American Journal of Intelligent Systems

p-ISSN: 2165-8978    e-ISSN: 2165-8994

2017;  7(3): 50-53

doi:10.5923/j.ajis.20170703.02

 

Hiding Personal Detail using Overlapping Slicing

Rakshatha V., Supriya Salian

Department of Computer Science and Engineering, St Joseph Engineering College, Mangalore, India

Correspondence to: Rakshatha V., Department of Computer Science and Engineering, St Joseph Engineering College, Mangalore, India.

Email:

Copyright © 2017 Scientific & Academic Publishing. All Rights Reserved.

This work is licensed under the Creative Commons Attribution International License (CC BY).
http://creativecommons.org/licenses/by/4.0/

Abstract

Preserving the privacy while publishing the medical dataset is one of the techniques that can be implemented to preserve the privacy on the collected large scale of medical dataset. Medical data set contains the information that will include the personal identity of an individual therefore reproducing the same data to third party may gain privacy threats, which will include the personal detail of an individual. This paper proposes a data hiding technique called overlapping slicing for the better privacy preservation of the medical dataset that gets published.

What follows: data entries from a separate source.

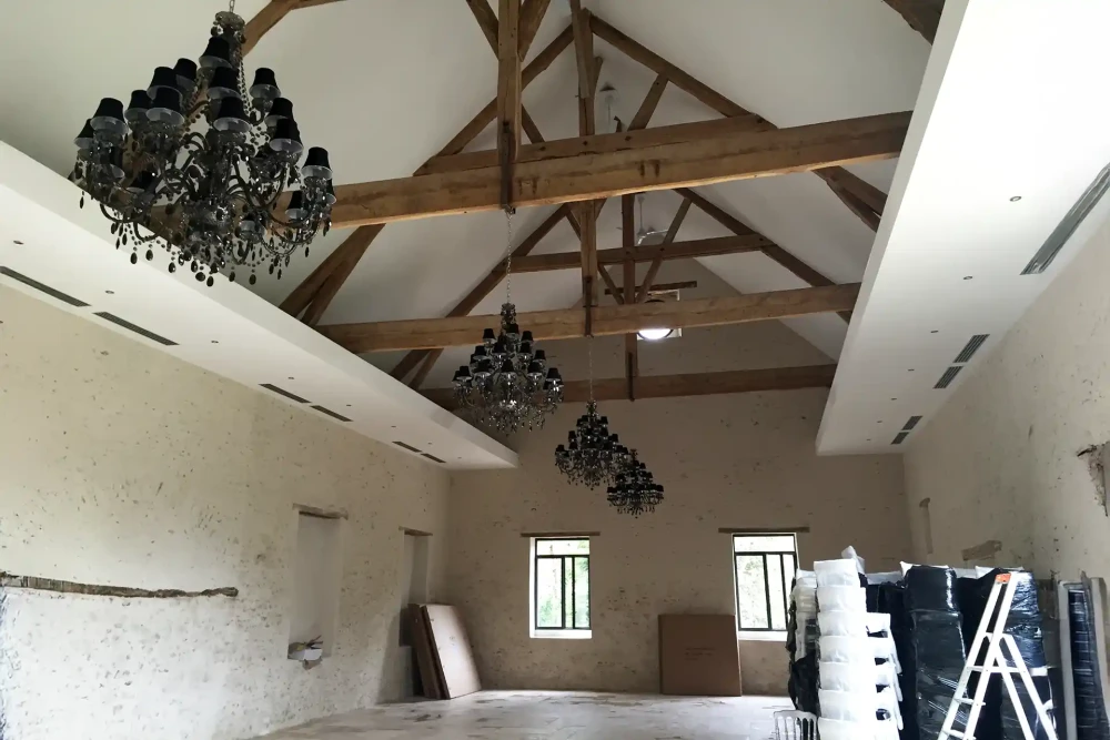 Nous débutons en identifiant avec vous les éléments patrimoniaux qui vous tiennent à cœur (charpentes, façades, éléments décoratifs). Notre maîtrise des procédés et matériaux traditionnels nous permet alors d'intégrer discrètement les améliorations modernes dont vous avez besoin. L'isolation, les réseaux et les équipements trouvent leur place en respectant le caractère de votre construction.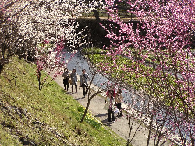 写真は、安曇野市御宝田の大王わさび農場に咲く紅梅と白梅の競演。わさび田には、わさびの白い花も咲き始めました。 (写真=28日撮影、640×480拡大可能)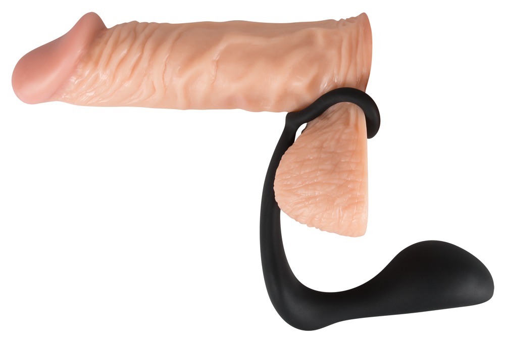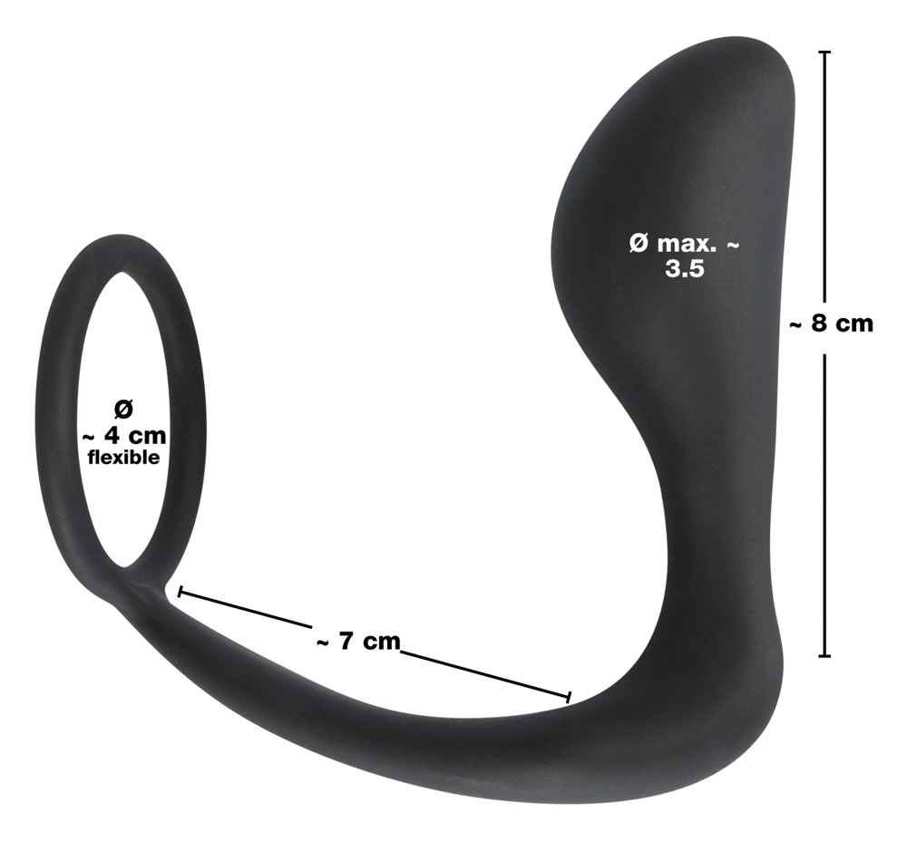 Black. Cock ring Ø 4 cm (flexible), connection bridge 7 cm long, plug 10 cm long, insertion depth 8 cm, Ø 1.1 to 3.5 cm. Material: silicone with a PU coating.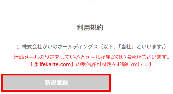利用規約に同意されたお客様のみ「新規登録」ボタンを押してください。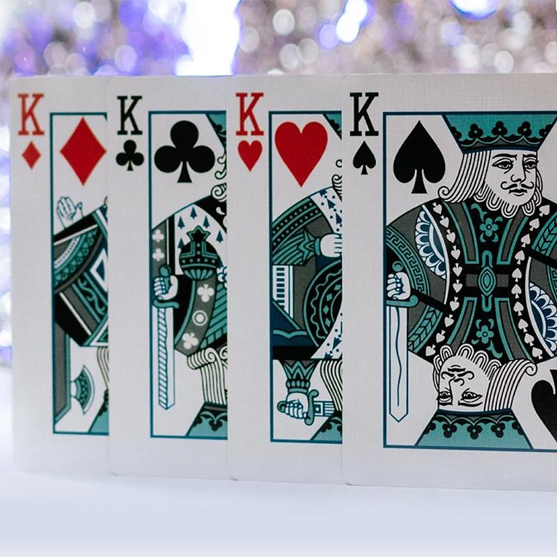 Die Butterfly Playing Cards Winter Edition – Markiert eignen sich für alle Zauberkünstler, Kartenspieler und Spielkartensammler. Das Deck spiegelt die wunderschöne Farbpalette des Winters wider und enthält speziell angefertigte Bildkarten, Asse und Joker sowie eine Karte mit doppelter Rückseite.
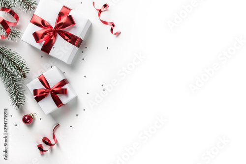 Wall mural christmas fir branches with gift boxes with red ribbon on white paper background with bokeh, light.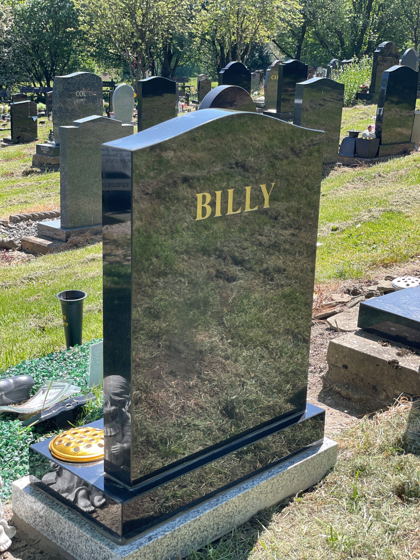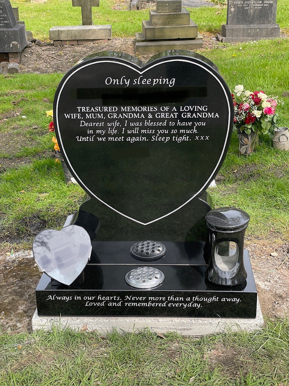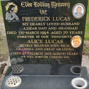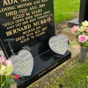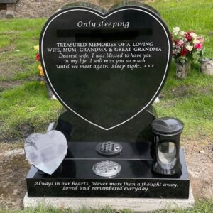 We will help you to choose or design the most suitable headstone, memorial or gravestone, from our large selection of premium quality granite headstones and designs, using the most up to date techniques. We offer extra additions such as grave statues, flower vases and ornaments to add a truly personal touch without going for a fully bespoke memorial design. We also offer a range of modern, shaped memorials such as heart headstones and book headstones.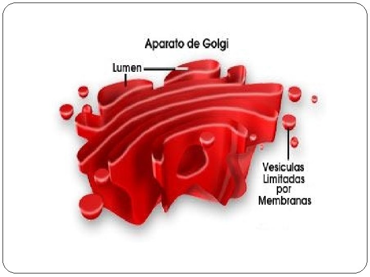 COMPLEJO O APARATO DE GOLGI Descubierto Camilo Golgi en 1898. Es una estructura única situada entre el núcleo y el polo secretor de las células (células mucosas, tiroides). Algunas células son múltiples como los hepatocitos. Está formado por un conjunto de sacos aplanados o cisternas y de vesículas llenas de fluídos. Los sacos se hallan apilados y sus extremos dilatados. Las cisternas de Golgi son de 5 a 8 cisternas por cada fila ó (más de 30). El retículo endoplasmático y el aparato de Golgi forman en el citoplasma una red intercomunicada de tubos.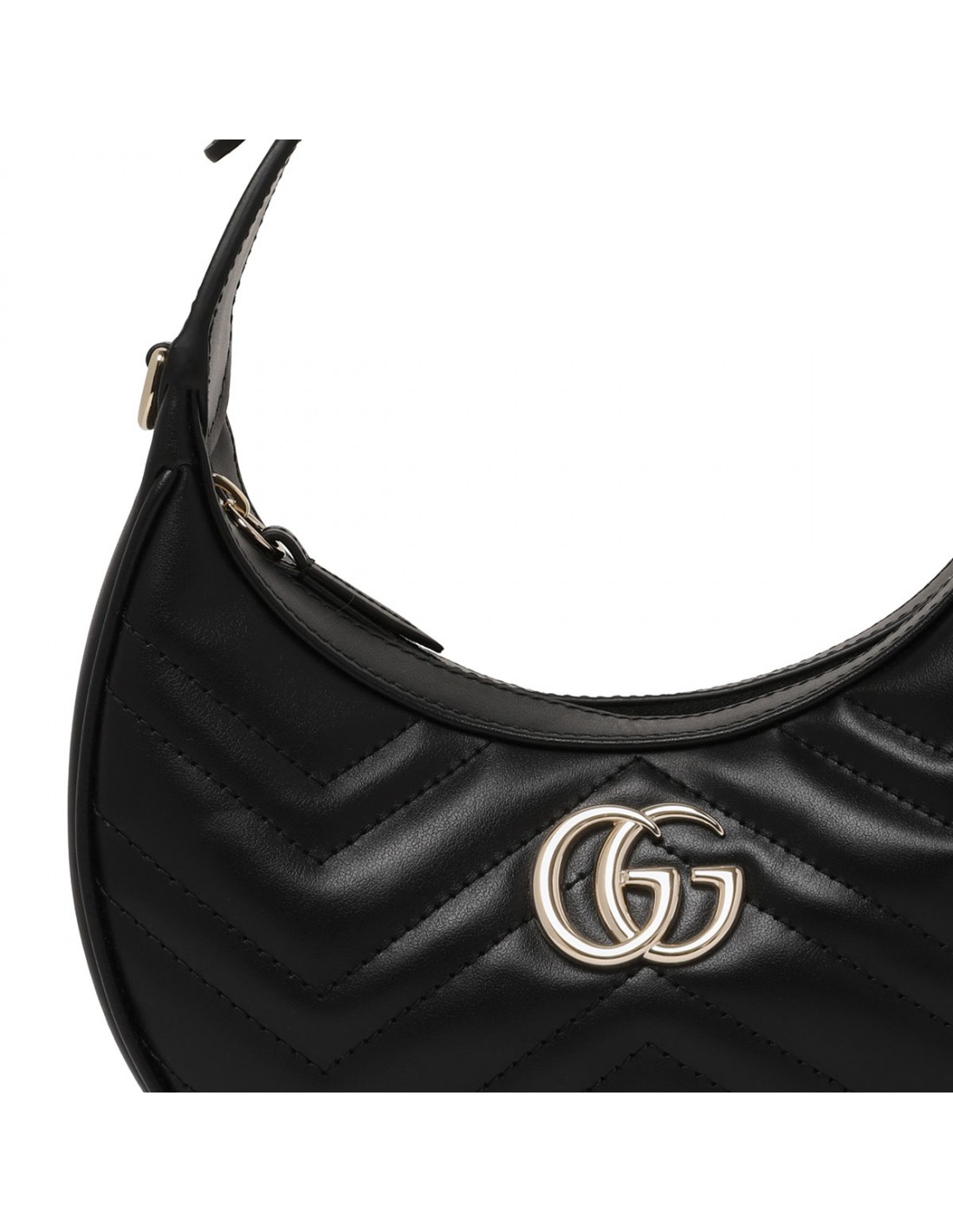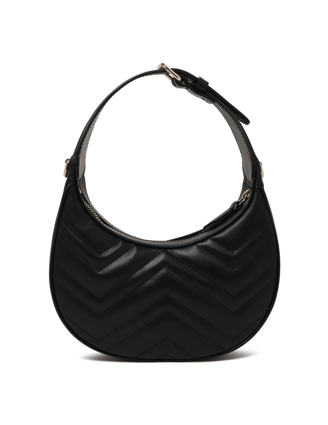 Black matelassé chevron lambskin leather GG Marmont small shoulder bag from Gucci featuring light antique gold-toned double G and hardware, adjustable handle, detachable chain strap, zip fastening, moiré and microfibre lining with suede-like finish, internal two card slots and one hook.

Keywords: Privacy, Overlapping Slicing, Privacy Preservation Data Publication

Cite this paper: Rakshatha V., Supriya Salian, Hiding Personal Detail using Overlapping Slicing, American Journal of Intelligent Systems, Vol. 7 No. 3, 2017, pp. 50-53. doi: 10.5923/j.ajis.20170703.02.

1. Introduction

Preservation on the privacy of the published medical dataset has been most significant issue. The modern era hangs on to the rules and regulations to limit to the different types of information and a bond to store and utilize the sensitive information. Contracts and agreements don’t offer assurance that personal detail will not be revealed and end with wrong hands. Particularly when medical dataset gets published. Therefore publishing such kind of medical related datasets we have to make sure that certain techniques have been applied so the privacy is maintained while publishing the medical data. So when the medical dataset is been getting published to outside world proper measures should be taken especially while dealing with the sensitive information about any individual. This activity is called privacy preserving data publishing (PPDP). PPDP provides methods and tools for publishing useful information while preserving data privacy. PPDP offers methods and tools for publishing useful information while preserving the privacy of the medical dataset. In the most basic form of privacy-preserving data publishing (PPDP), there are different forms of identifiers namely:
• Explicit Identifier: These attributes contains set of attributes such as name and social security number.
• Quasi Identifier: These attributes contains set of attributes such as Birth date, zip code and sex.
• Sensitive Attributes: These attributes contains set of attributes such as disease and salary.
Published data becomes more useful if and only if the person’s identity is preserved. In this paper we are making
use of technique called overlapping slicing as it conserves the usefulness of data against privacy threats. In the information gathering stage, the data publisher will gather the required information from the record owners. Once the required medical datasets are collected from the record owners, and then that medical datasets will be released to the public or data miner called data receipt. Data miner plays an important role of performing the data mining operation on the collected medical dataset. In the current scenario shown in the figure in the information gathering stage, the data publisher collects the required medical dataset from the record owners i.e. Alice and Cathy. Once the information is gathered from record owners, data publisher will release the data to the public called the data recipient. In the figure shown below data publisher is hospital where it gathers information from patients and patient medical record history and then publish those data to the data recipient who refers to the medical center. We have to preserve the personal detail of an each individual.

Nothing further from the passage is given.